## WHAT TO PRODUCE
Verbatim output of the lines below is required, with the images omitted.

## EXERCISE DATA
_____

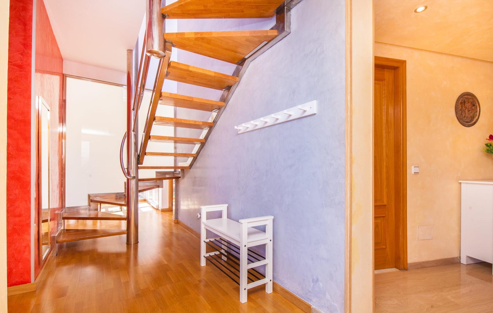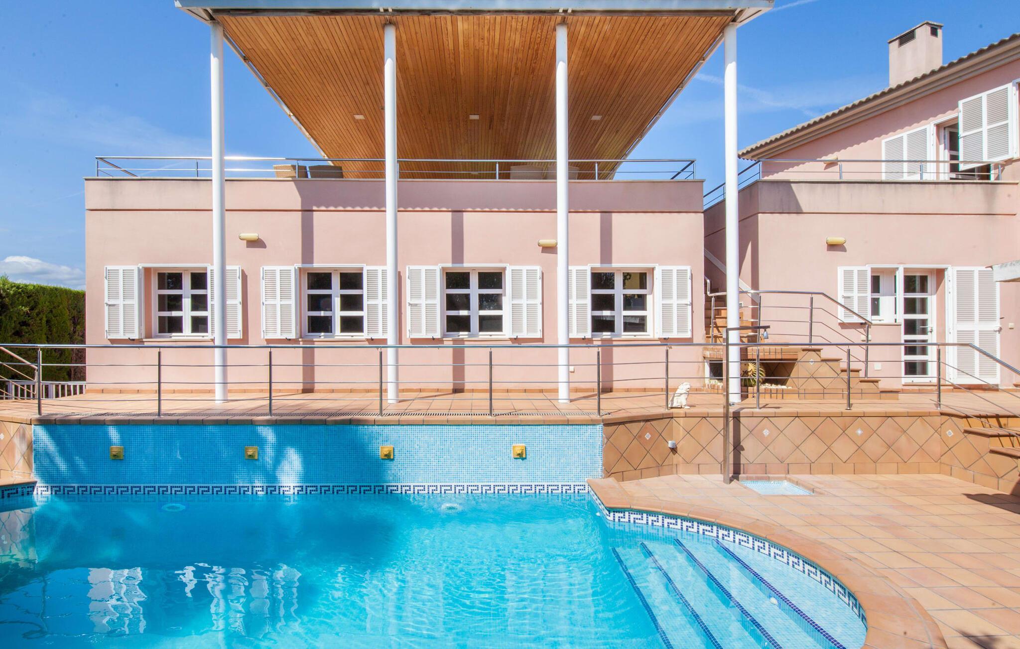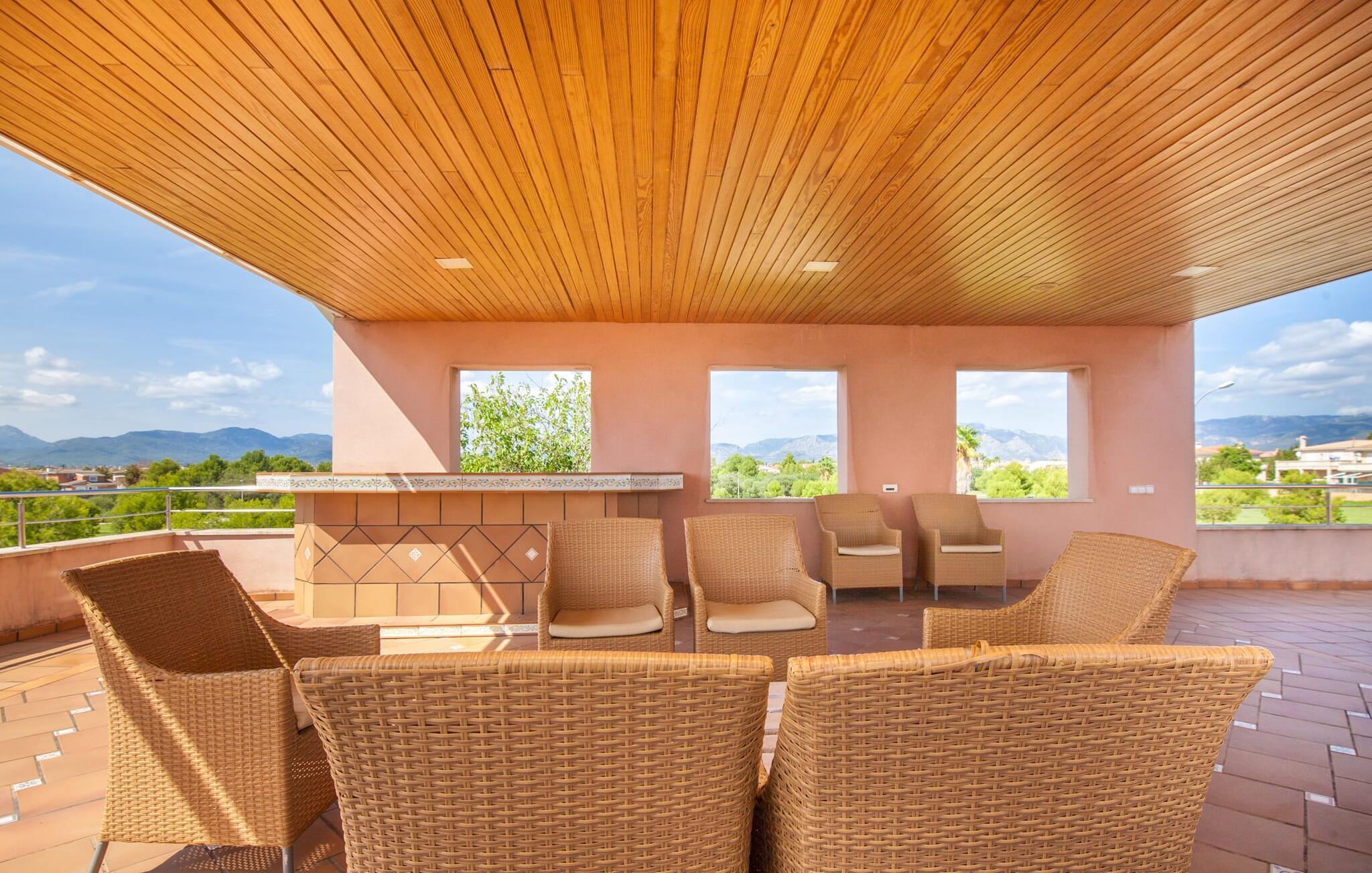 „Alfabia“ bietet den perfekten Rückzugsort nach einem langen Spaziergang durch Palmas geschäftige Straßen. Eine hohe Hecke, die Privatsphäre garantiert, ein großer Pool mit abgestuftem Bodenbelag, umgeben von gepflegtem Kunstrasen – hier dreht sich alles um Entspannung. Direkt neben dem Pool wartet eine gemütliche, überdachte Terrasse darauf, von Ihnen etwas Leben einzuhauchen. Während sich die Lust auf ein erfrischendes Bad noch in der Außendusche aufhält, können sich andere hungrige Besucher daran machen, den Grill anzuzünden. Frischer Fisch, dazu Wein – was braucht man mehr? Und wer noch Lust auf mehr Unterhaltung hat, probiert sich am Abend vielleicht mal bei einer Runde Darts. Oberhalb des Pools beherbergt die Villa eine weitere Dachterrasse mit herrlichem Blick auf die umliegenden Dächer und Berge in der Ferne. Eine kleine Theke, schicke Kunstrattanmöbel, viel Platz und eine tolle Aussicht – das ist eindeutig der perfekte Ort für ein Treffen im Freien. Eine asphaltierte Auffahrt führt direkt bis zur Villa, auf der Straße vor dem Haus sind ausreichend Parkplätze vorhanden.
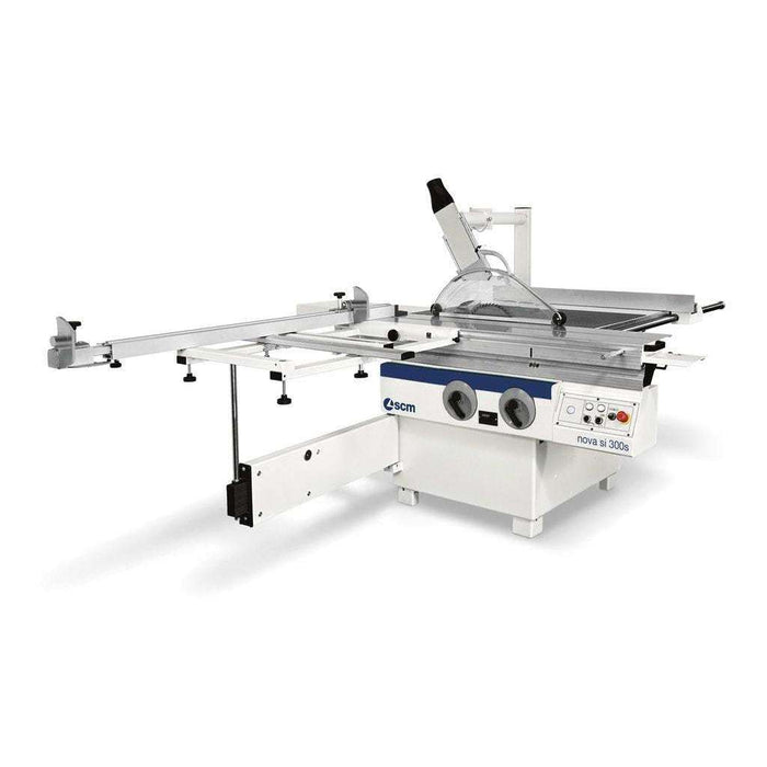 The SCM Nova SI 300S is a precision-engineered sliding table saw designed to meet the demands of professional woodworking shops. Built for accuracy and ease of use, it features an anodized aluminum sliding carriage that glides effortlessly on hardened steel "V-style" guides, ensuring smooth and precise cuts. The robust 8 HP, 3-phase (220V) main motor, complemented by a 1 HP independent scoring motor, delivers exceptional cutting performance on a wide range of materials. Equipped with an intuitive control panel, manual blade lifting and tilting, and a mechanical readout for precise angle adjustments, the Nova SI 300S prioritizes both efficiency and user convenience. Additional features such as the rip fence with micrometric adjustment, heavy-duty crosscut fence with flip stops, and the "EZ Dial" split scoring blade adjustment make setup and operation seamless. With a 50” rip capacity and a 62.9” max crosscut length, this saw is built to handle complex projects with precision and reliability. Designed for professionals who demand performance and versatility, the Nova SI 300S is the perfect solution for high-quality, repeatable cuts.
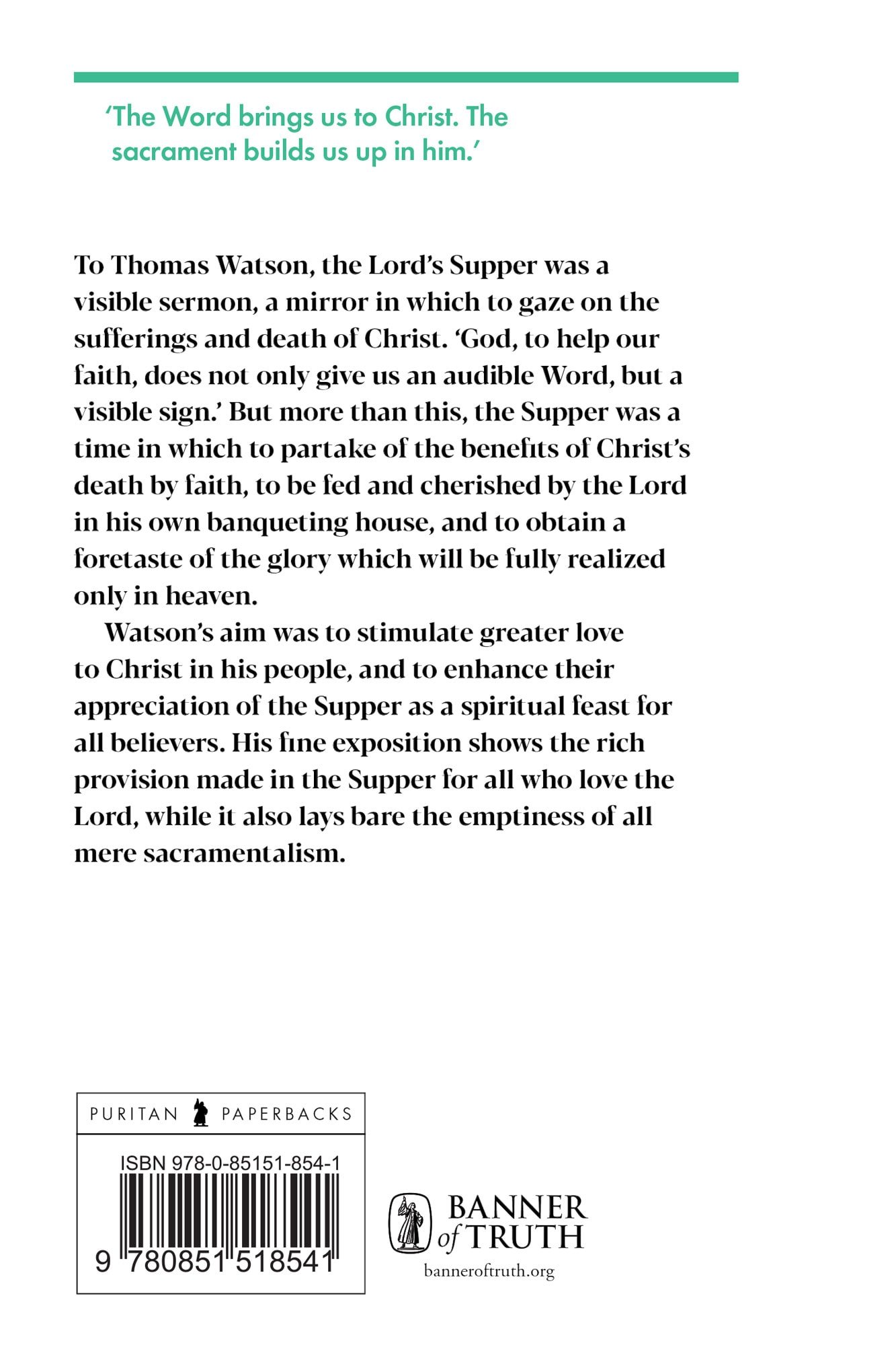 To Thomas Watson, the Lord’s Supper was a visible sermon, a mirror in which to gaze on the sufferings and death of Christ. ‘God, to help our faith, does not only give us an audible Word, but a visible sign.’ But more than this, the Supper was a time in which to partake of the benefits of Christ’s death by faith, to be fed and cherished by the Lord in his own banqueting house, and to obtain a foretaste of the glory which will be fully realized only in heaven. Watson’s aim was to stimulate greater love to Christ in His people, and to enhance their appreciation of the Supper as a spiritual feast for all believers. His fine exposition shows the rich provision made in the Supper for all who love the Lord, while it also lays bare the emptiness of all mere sacramentalism.

_____

## SOLUTION FOR THIS TASK
 „Alfabia“ bietet den perfekten Rückzugsort nach einem langen Spaziergang durch Palmas geschäftige Straßen. Eine hohe Hecke, die Privatsphäre garantiert, ein großer Pool mit abgestuftem Bodenbelag, umgeben von gepflegtem Kunstrasen – hier dreht sich alles um Entspannung. Direkt neben dem Pool wartet eine gemütliche, überdachte Terrasse darauf, von Ihnen etwas Leben einzuhauchen. Während sich die Lust auf ein erfrischendes Bad noch in der Außendusche aufhält, können sich andere hungrige Besucher daran machen, den Grill anzuzünden. Frischer Fisch, dazu Wein – was braucht man mehr? Und wer noch Lust auf mehr Unterhaltung hat, probiert sich am Abend vielleicht mal bei einer Runde Darts. Oberhalb des Pools beherbergt die Villa eine weitere Dachterrasse mit herrlichem Blick auf die umliegenden Dächer und Berge in der Ferne. Eine kleine Theke, schicke Kunstrattanmöbel, viel Platz und eine tolle Aussicht – das ist eindeutig der perfekte Ort für ein Treffen im Freien. Eine asphaltierte Auffahrt führt direkt bis zur Villa, auf der Straße vor dem Haus sind ausreichend Parkplätze vorhanden.
 The SCM Nova SI 300S is a precision-engineered sliding table saw designed to meet the demands of professional woodworking shops. Built for accuracy and ease of use, it features an anodized aluminum sliding carriage that glides effortlessly on hardened steel "V-style" guides, ensuring smooth and precise cuts. The robust 8 HP, 3-phase (220V) main motor, complemented by a 1 HP independent scoring motor, delivers exceptional cutting performance on a wide range of materials. Equipped with an intuitive control panel, manual blade lifting and tilting, and a mechanical readout for precise angle adjustments, the Nova SI 300S prioritizes both efficiency and user convenience. Additional features such as the rip fence with micrometric adjustment, heavy-duty crosscut fence with flip stops, and the "EZ Dial" split scoring blade adjustment make setup and operation seamless. With a 50” rip capacity and a 62.9” max crosscut length, this saw is built to handle complex projects with precision and reliability. Designed for professionals who demand performance and versatility, the Nova SI 300S is the perfect solution for high-quality, repeatable cuts.
 To Thomas Watson, the Lord’s Supper was a visible sermon, a mirror in which to gaze on the sufferings and death of Christ. ‘God, to help our faith, does not only give us an audible Word, but a visible sign.’ But more than this, the Supper was a time in which to partake of the benefits of Christ’s death by faith, to be fed and cherished by the Lord in his own banqueting house, and to obtain a foretaste of the glory which will be fully realized only in heaven. Watson’s aim was to stimulate greater love to Christ in His people, and to enhance their appreciation of the Supper as a spiritual feast for all believers. His fine exposition shows the rich provision made in the Supper for all who love the Lord, while it also lays bare the emptiness of all mere sacramentalism.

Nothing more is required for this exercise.